For an example of how this approach works(i.e., does a theory predict
or accommodate a significant result or does it predict against it) see
the
following article which showed how to decide which theory of semantic
memory had the greatest evidence in its favor back in the 1980s:
Chang, T. M. (1986). Semantic memory: Facts and models. Psychological
Bulletin, 99(2), 199.
(2) The question that needs answering is "What is the effect size
measure
that one should use in this situation?"
:
(A) Is it Multiple R^2 (under the assumption that we have homogeneity of
regression, that is, the regressions are the same in the three samples;
we know this is not the case because there are zero females in Sample 3
which leaves sex/gender out of the equation for that group and there is
an
interaction between sex/gender and caudate volume in Sample 1 when
unconstrained measures are used), or,
(B) The semi-partial correlations between caudate volume and the three
IQ measures or the full partial correlations?
Technically speaking, ordinary R^2 shouldn't be used since the
regression
equations for the three samples have different numbers of predictors
(Sample 3
does not include sex/gender because it is all male), and an adjusted-R^2
or
shrunken R^2 (= R^2 - [(1 - R^2)/(N - m - 1)] where N is the sample size
for the
sample and m is the number of predictor -- 4 in samples 1 and 2, 3 in
sample 3).
The adjusted R^2 are all reduced for total IQ but only by 1% or .01,
unless my
calculations are off. I leave it as an exercise to the interested
reader to do the
comparable calculation for VIQ and PIQ because I am not going to bother.

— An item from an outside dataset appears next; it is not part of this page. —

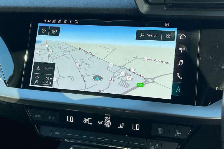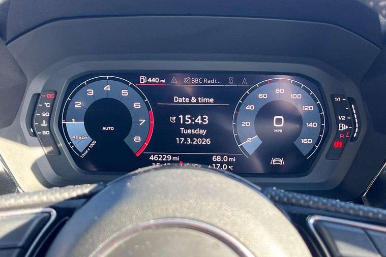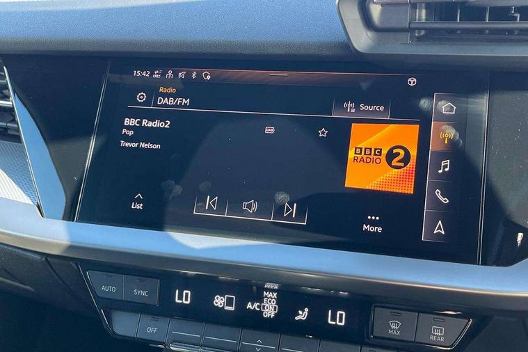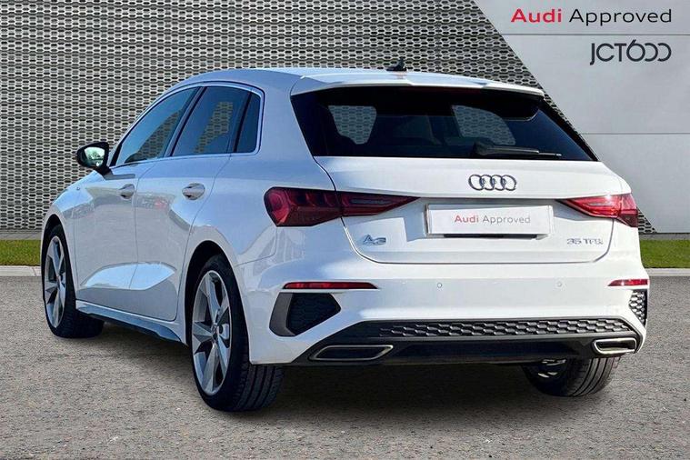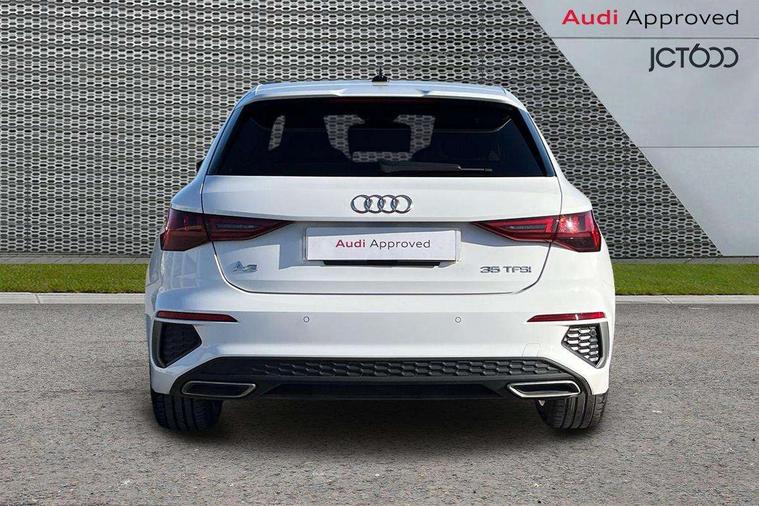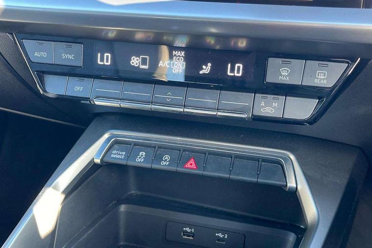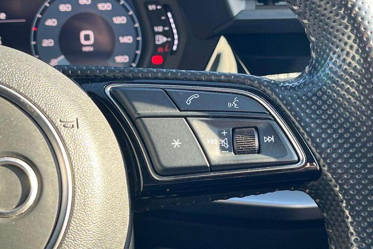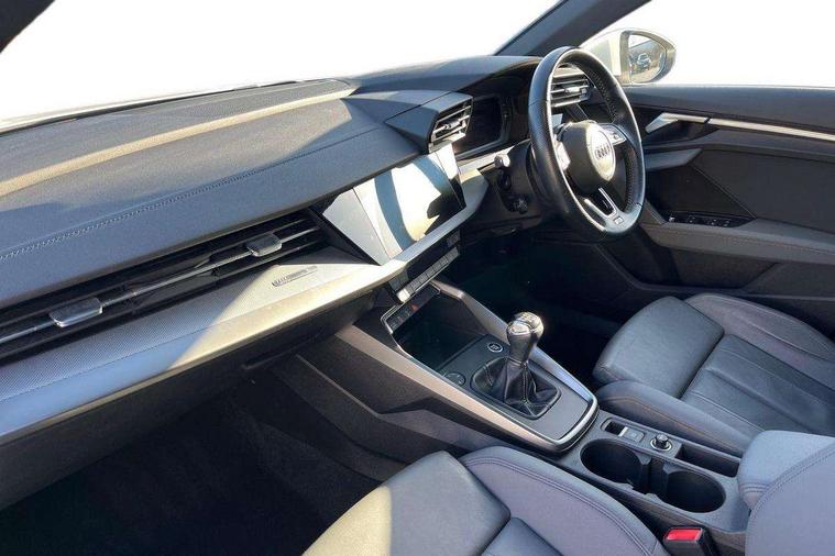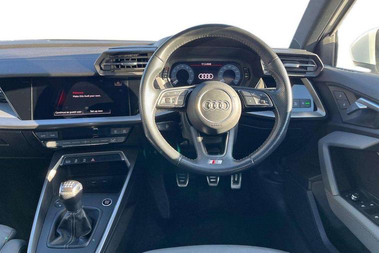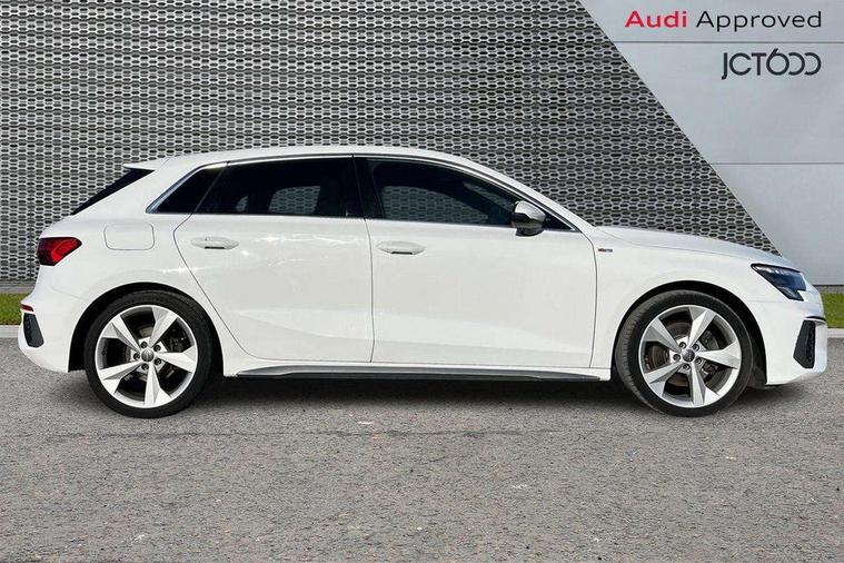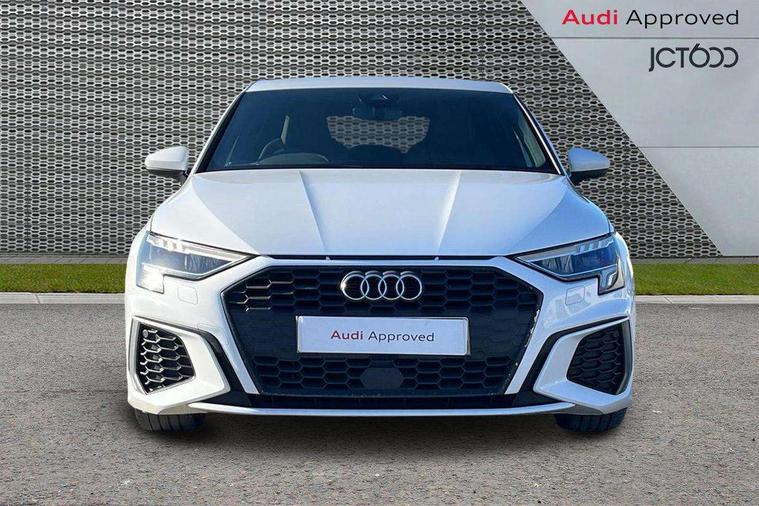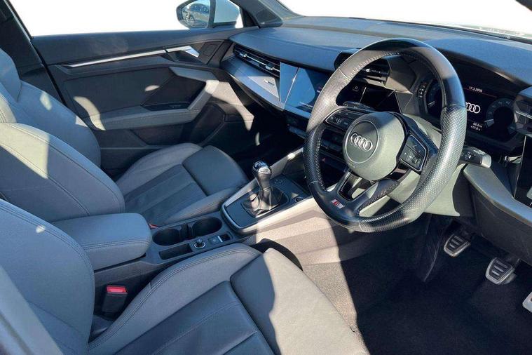 Audi connect emergency call and service, Audi drive select (Auto, Comfort, Dynamic, Efficiency and Individual), Audi smartphone interface, Audi Virtual Cockpit - 10.25" digital and colour instrument cluster, Automatic start/stop system with recuperation, Bluetooth interface, Collision avoidance assistant, Cruise control, Electromechanical power speed sensitive steering, Lane departure warning system, MMI Navigation Plus with high resolution 10.1" colour touch screen display, Rear parking sensors, Service indicator, Trip computer, Voice control system with natural language interaction, 1xUSB-A and 1xUSB-C connection, 6 passive loudspeakers, DAB Digital radio, Acoustic glass windscreen, Aluminium window trim, Auto dimming frameless rear view mirror, Body colour exterior mirrors, Electrically adjustable/heated/folding/auto dimming door mirrors with integrated LED indications + kerb view function for passenger side, Front electric windows, Illuminated aluminium inserts front door sills with S logo, LED daytime running lights, Light and rain sensors, Privacy glass - dark tinted rear window, rear door and side windows, Rear electric windows, Rear side air outlets in grained matt black, Rear wiper, S line bumpers, S roof spoiler, 12V socket and storage compartment in front centre console, 40/20/40 split folding rear seat bench with cupholder, Black cloth headlining, Dual zone electronic climate control, Front and rear centre armrest in leather, Front and rear headrests, Front/rear floor mats, Height and reach adjustable steering wheel, Interior lighting - glove compartment light and right hand side, Luggage compartment floor covering, Manual boot compartment lid, Manually adjustable front seats, Seat side bolsters, Stainless steel pedals and front footrest, Twin leather upholstery with front sports seats S embossed logo, Aluminium interior elements pack - A3 Sportback, S line styling pack - A3 Sportback, 3x3 point rear seat belts, Driver and front passenger airbag with passenger airbag deactivation, Electronic Stabilisation Control (ESC) including ABS, ASR and EDL, First aid kit with warning triangle and 2 safety vests, Hill hold assist, Pre-sense front with pedestrian and cyclist detection, Seatbelt monitoring, Tyre pressure loss indicator, Anti theft alarm, Anti-theft wheel bolts, Electronically operated child lock, Immobiliser, Remote control central locking, Accent surfaces in the dashboard and centre console in platinum grey silk effect paint finish, Dark spectrum aluminium inlays,

(3) It is odd that they are doing the analysis in AMOS because AMOS
(an acronym for "analysis of moment structure") is a structural equation
modeling (SEM) program. Ordinary linear regression, according to the
Gauss-Markov theory assumes that all of the predictors are measured
without error which I'm willing to accept for the sex/gender variable
and
(maybe) age, but I have a feeling that the measure of caudate volume is
not error free. In SEM, we would create a measurement model for
caudate volume (i.e., X(caudate volume) = T(true value/variance) +
E(error value/variance).
This might be a more appropriate analysis to do but I'm still trying to
figure
out the basis for setting caudate volume constant across the three
samples,
especially since the mean volumes are not equal (see Table 1; perhaps
they should have been mean-centered?).
(4) Table 5(V) reports the "partial correlations" (unclear whether these
are
semi-partial or full partials) between the three IQ measures and the
volumes
of the eight brain areas which gives us
3 (samples) x 3 (IQ measures) x 8 (brain areas) = 72 correlations
Using alpha-2 tailed = .05 for each correlation, the Overall Type I
error rate =
Overall alpha = 1 - (1 - alpha per comparison)^k
where k = # of tests done
Overall alpha = 1 - (1-.05)^72 = 1 - (.95)^72 = 1 - 0.0249 = 0.9751 or
there is a 97% probability that one or more statistically significant
results
are Type I errors. The authors report 9 statistically significant
"partial
correlations" using a p< .05 (excludes p=.05). The 9 correlations
involving
caudate volume have only 4 significant partial correlations.(appearing
only in
Samples 1 and 2). What should one conclude from this? How about
that whatever the relationship is between caudate volume and IQ,.
it occurs only when females are present in the sample. Busy, busy,
busy.
I'm not familiar with the Black Magic practiced in the data analysis for
neuroimaging data like this, so I will leave it to those who are to
explain
what is going on in the data analysis and the reasons why. Long story
short, there is a lot more going on here than a focus on p-values.
-Mike Palij
New York University
[email protected]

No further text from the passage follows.